» Activity
Hand back every line from the beginning of the data below through the line containing "2021 MBAサマースクー", word for word and free of pictures.

» Data for review
Start of Block

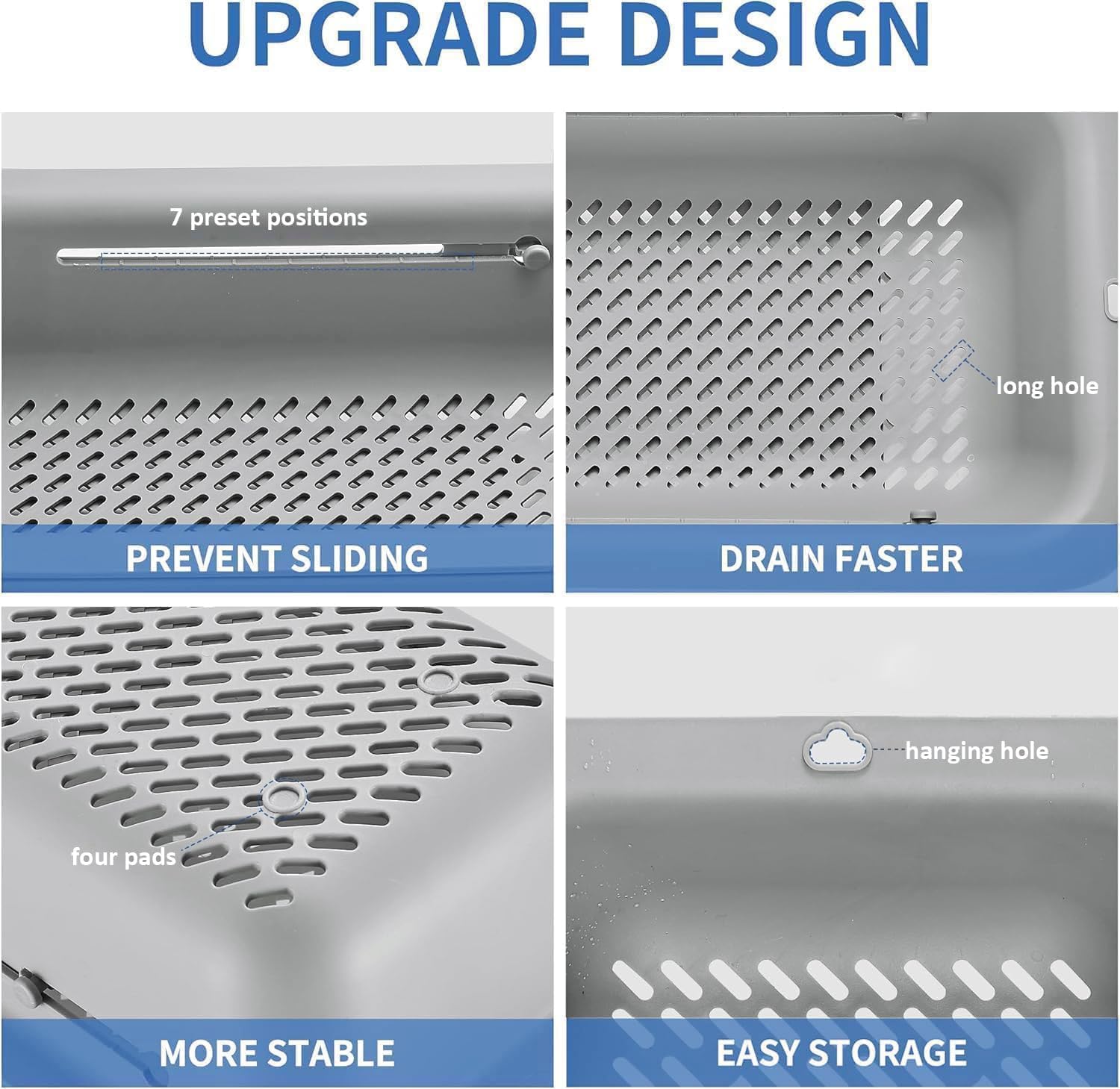 - LASSHSWA upgrade the colander, 7 preset positions - PREVENT SLIDING, long hole - DRAIN FASTER, four pads - MORE STABLE, hanging hole - EASY STORAGE.
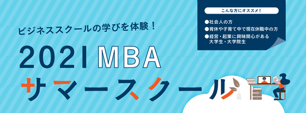 2021 MBAサマースクールは2021年8月7日(土)にオンラインで開催。「組織・人事管理」「経営戦略」「マーケティング」の3つの科目を無料で受講いただけます。それぞれの科目は入門編となり、社会人の方をはじめとし、育休や子育て中で現在休職中の方、経営・起業に興味関心がある大学生など幅広い方を対象としています。
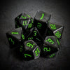 Adventure awaits with this set of 7 dice, featuring a 20-sided (d20) dice, a 12-sided (d12) dice, a 10-sided (d10) dice, a percentage (d00) dice, a 8-sided (d8) dice, a 6-sided (d6) dice, and a 4-sided (d4). Perfect for both seasoned adventurers and novice players alike.
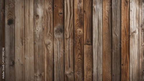 © Lasvu, Naklejka premium Wooden planks wall background with natural textures and tones. Rustic and warm environment.
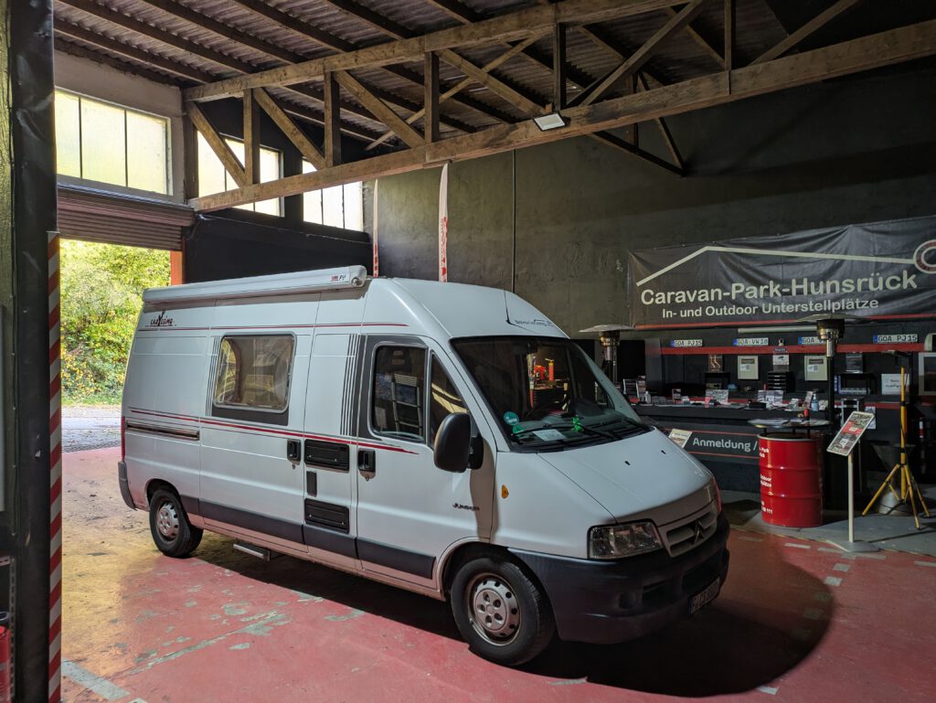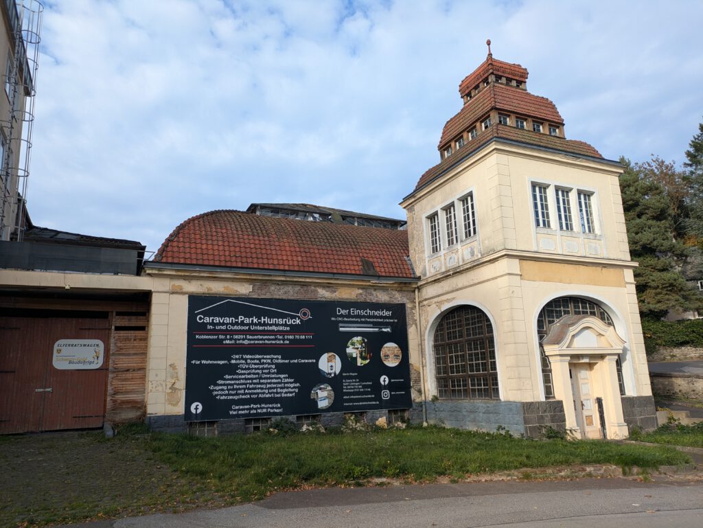 Da sind wir wieder, in der ehemaligen Mineralwasserfabrik Sauerbrunnen, seit einigen Jahren Home of „Caravan Park Hunsrück“ und seit je her Froggys Winterquartier:
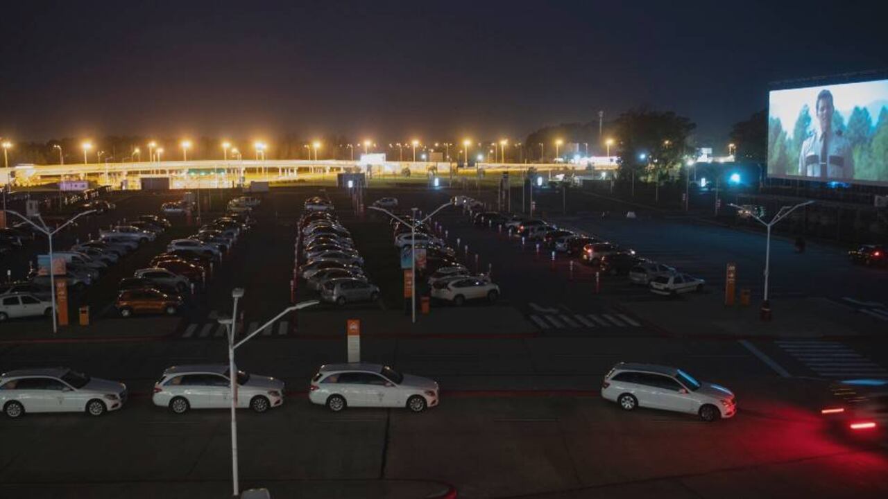 El aeropuerto internacional de Carrasco cambió aviones por películas; a falta de vuelos debido a las restricciones por la pandemia de coronavirus, el estacionamiento de la terminal se convirtió este fin de semana en uno de los primeros autocines de Uruguay.
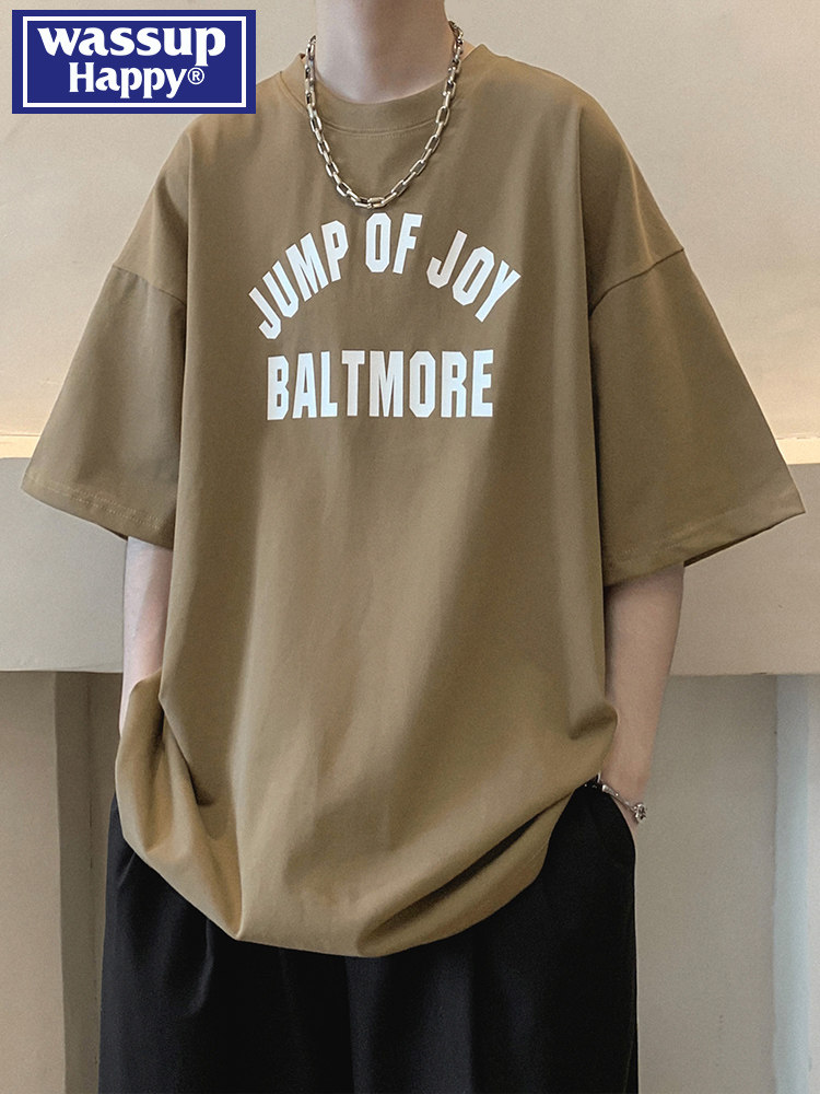wassup happy酒红色短袖t恤男夏季潮牌五分袖美式宽松百搭体恤衫
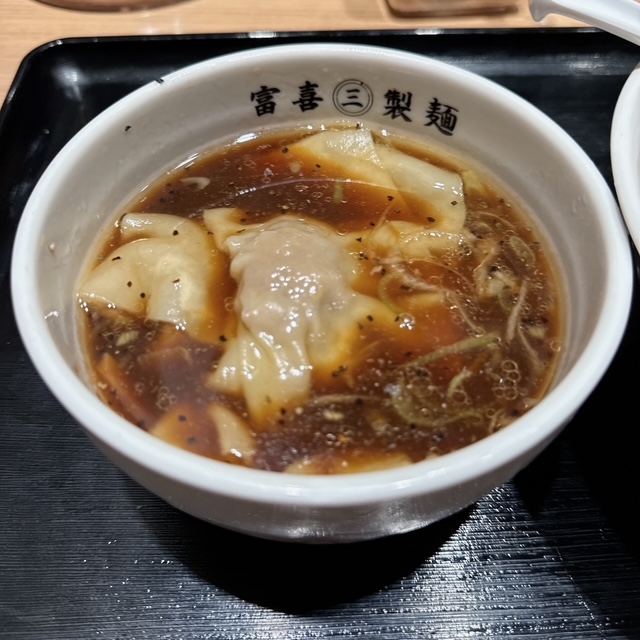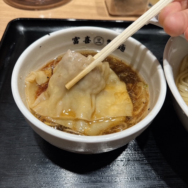 醤油ベースのつけダレ。ワンタンも結構多め
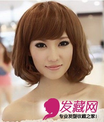 发型发尾稍稍内外,形成裹脸的效果,再搭配遮住额头的斜刘海,就巧妙地将脸型的不足掩盖掉啦!
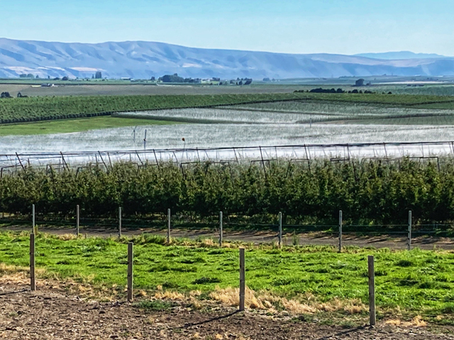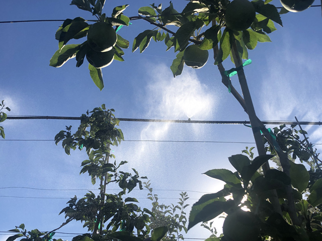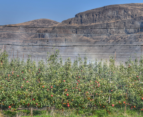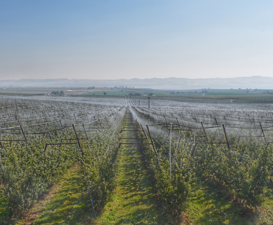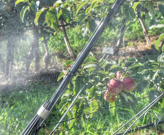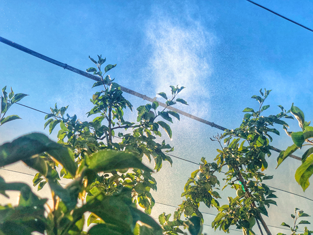 EXL foggers emit very fine droplets at lower flow rates, creating a blanket misting coverage design over an orchard canopy. At 18 to 20 GPM (68 to 91 LPM) per acre, this very effective cooling system also lowers light transmission. With a close spacing layout, a blanket of fog envelops the orchard to decrease temperature and light transmission. The decrease in temperature is from evaporation of water from the air, followed by removal of the water vapor deposit on fruit skin surface by air movement, leading to overall lower temperatures and a better yield.
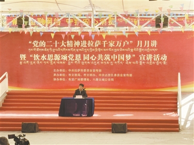 拉萨融媒讯(记者乔梁)3月20日上午,由市委宣传部联合相关单位举办的“党的二十大精神进拉萨千家万户”月月讲暨“饮水思源颂党恩 同心共筑中国梦”宣讲活动在宗角禄康公园举行。
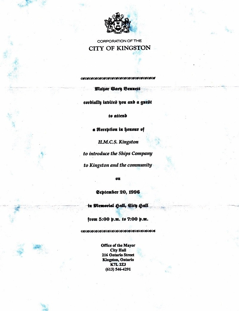 (KNG000 a & b) Invitation and programme for a Civic Reception to introduce the crew of HMCS KINGSTON on 20 Sep 1996
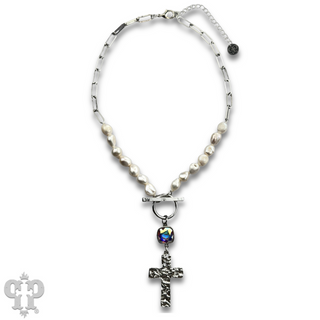 Linked bead necklace with Austrian crystal Santa Fe teardrop pendant
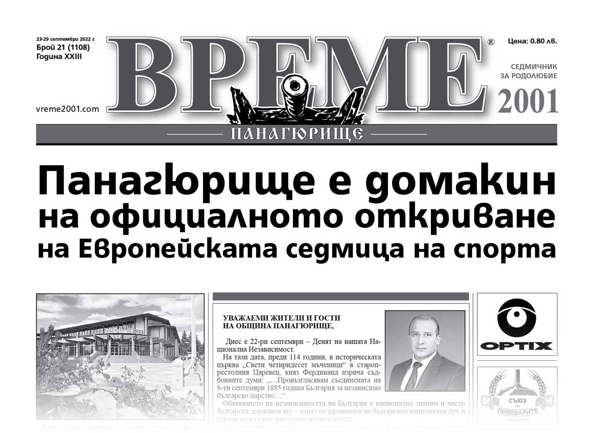 Излезе от печат 21-ви брой за т.г. на панагюрския вестник „Време“. В него ще откриете актуалните новини от общината ни, а и още интересни теми. Ето някои от заглавията:
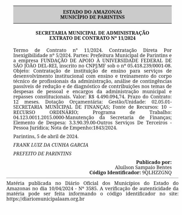 O documento foi assinado no dia 5 de abril e publicado no Diário Oficial dos Municípios no dia 10 de abril. O valor global do contrato é de R$ 4.490.094,74.
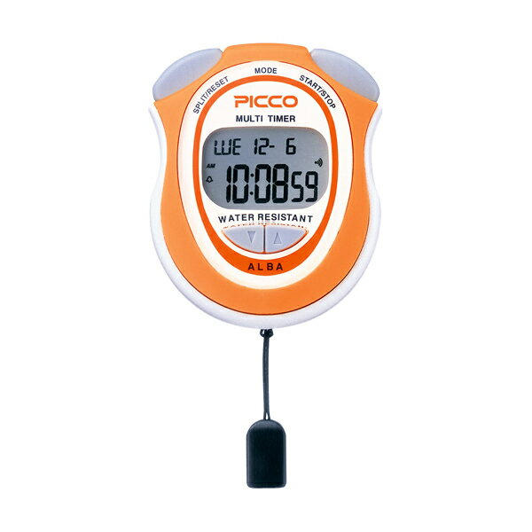 □「返品種別」について詳しくはこちら□メーカー保証期間 1年【ALBA PICCO マルチタイマー】スポーツ時や学習時にも見やすく使いやすいパーソナルタイプのストップウオッチ。タイマー機能がついて便利に使えるストップウオッチ。大きくて見やすい画面。計測時にも時刻が見れる。ボタンを押したときの確認音が鳴らないようにもできます。しっかり握れるデザイン。タイマーがついているので、スポーツに、勉強に、キッチンに使えて便利です。●リピートタイマー機能・ 1秒単位で10秒以上最大99時間59分59秒まで設定可能 ・ リピート回数は無制限 ●ストップウオッチ機能・ スプリット計測 ・ 最大100時間計測 ●サウンドオフ機能(操作確認音鳴り止め可能)●フルオートカレンダー機能●アラーム機能●日常生活防水●本体抗菌仕様●電池寿命:約2年■カラー:オレンジ■重さ:63g■厚み:27.0mm■時間精度: ±0.0012%以内■月差換算: ±30秒以内(常温)時計>国内ブランド腕時計 メンズ>ALBA(アルバ)>ストップウォッチ

End of Block

» Response to this task
 - LASSHSWA upgrade the colander, 7 preset positions - PREVENT SLIDING, long hole - DRAIN FASTER, four pads - MORE STABLE, hanging hole - EASY STORAGE.
 2021 MBAサマースクールは2021年8月7日(土)にオンラインで開催。「組織・人事管理」「経営戦略」「マーケティング」の3つの科目を無料で受講いただけます。それぞれの科目は入門編となり、社会人の方をはじめとし、育休や子育て中で現在休職中の方、経営・起業に興味関心がある大学生など幅広い方を対象としています。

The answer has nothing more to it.